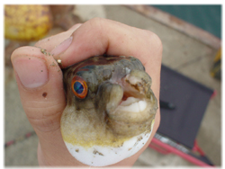 車を南下させて東燃裏へ向かいました。朝まずめはキス、ベラなどがあがりました。途中から大雨が降り始め、レインコートと長靴は車でしたので一時退散しました。普通ならここで納竿ですが僕は違います。その間にエサを買い足し、40分ほどの仮眠をとりました。仮眠後、雨が落ち着くまではサビキをしようかと始めるやいなや小アジ、小サバが入れ食いでした。写真左は合間に釣った口唇口蓋裂?のフグです。びっくりしました。外傷ではなさそうでした。
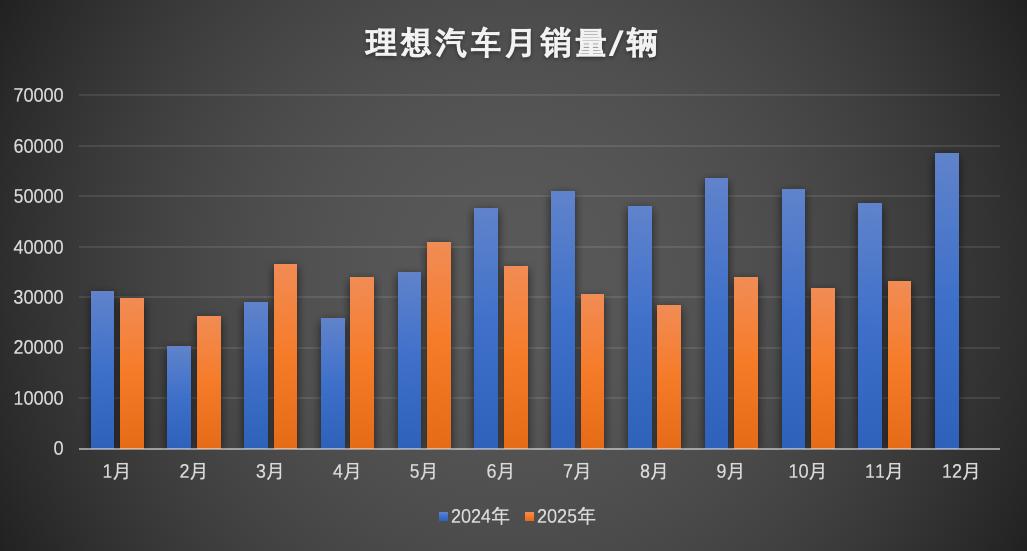 事实上,理想这辆高速增长的列车从今年6月开始进入下滑通道。今年6月,理想汽车交付了36279辆,比去年6月少了将近1万辆,此后,7-11月,每个月的销量都远低于去年同期水平。
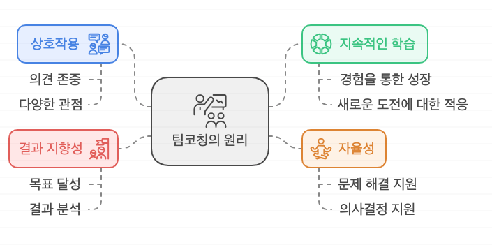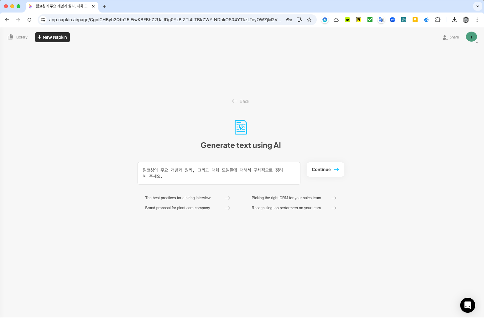 생성방식을 선택하고 “팀코칭의 주요 개념과 원리, 그리고 대화 모델들에 대해서 구체적으로 정리해 주세요”라는 프롬프트를 입력 후, “Continue” 버튼을 클릭하면 텍스트 기반의 내용이 먼저 생성됩니다.
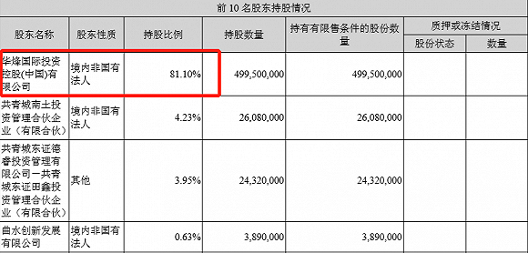 通过查阅华宝股份年报摘要,财联社发现,华宝股份的股东结构有着极大差异。在第一大股东华烽国际的持股比例高达81.10%的情况下,二股东共青城南土投资持股4.23%,三股东共青城东证德睿持股3.95%。
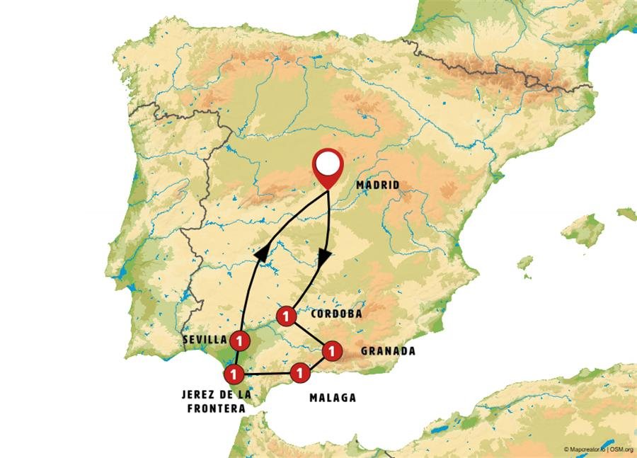 Hoy disfrutaremos de una de las etapas más hermosas del viaje, recorriendo los Pueblos Blancos y las serranías andaluzas. Partimos hacia PUERTO BANÚS en Marbella, uno de los puertos deportivos más lujosos de España, famoso por sus yates y boutiques de alta moda. Tras un paseo, seguimos hacia SETENIL DE LAS BODEGAS, espectacular pueblo blanco con casas incrustadas en la roca, y luego a RONDA, ciudad pintoresca situada sobre el desfiladero del Tajo. Almuerzo típico incluido y tiempo para un paseo antes de visitar la plaza de toros, una de las más antiguas y monumentales de España (entrada incluida). Llegada a JEREZ DE LA FRONTERA donde tendremos tiempo para pasear por el centro histórico y disfrutar de tapas en los "tabancos".

## TASK DESCRIPTION
The answer should contain only the lines from the one with "通过查阅华宝股份年报摘要,财" through the last line of the material, given word for word and without pictures.

## EXPECTED OUTPUT
 通过查阅华宝股份年报摘要,财联社发现,华宝股份的股东结构有着极大差异。在第一大股东华烽国际的持股比例高达81.10%的情况下,二股东共青城南土投资持股4.23%,三股东共青城东证德睿持股3.95%。
 Hoy disfrutaremos de una de las etapas más hermosas del viaje, recorriendo los Pueblos Blancos y las serranías andaluzas. Partimos hacia PUERTO BANÚS en Marbella, uno de los puertos deportivos más lujosos de España, famoso por sus yates y boutiques de alta moda. Tras un paseo, seguimos hacia SETENIL DE LAS BODEGAS, espectacular pueblo blanco con casas incrustadas en la roca, y luego a RONDA, ciudad pintoresca situada sobre el desfiladero del Tajo. Almuerzo típico incluido y tiempo para un paseo antes de visitar la plaza de toros, una de las más antiguas y monumentales de España (entrada incluida). Llegada a JEREZ DE LA FRONTERA donde tendremos tiempo para pasear por el centro histórico y disfrutar de tapas en los "tabancos".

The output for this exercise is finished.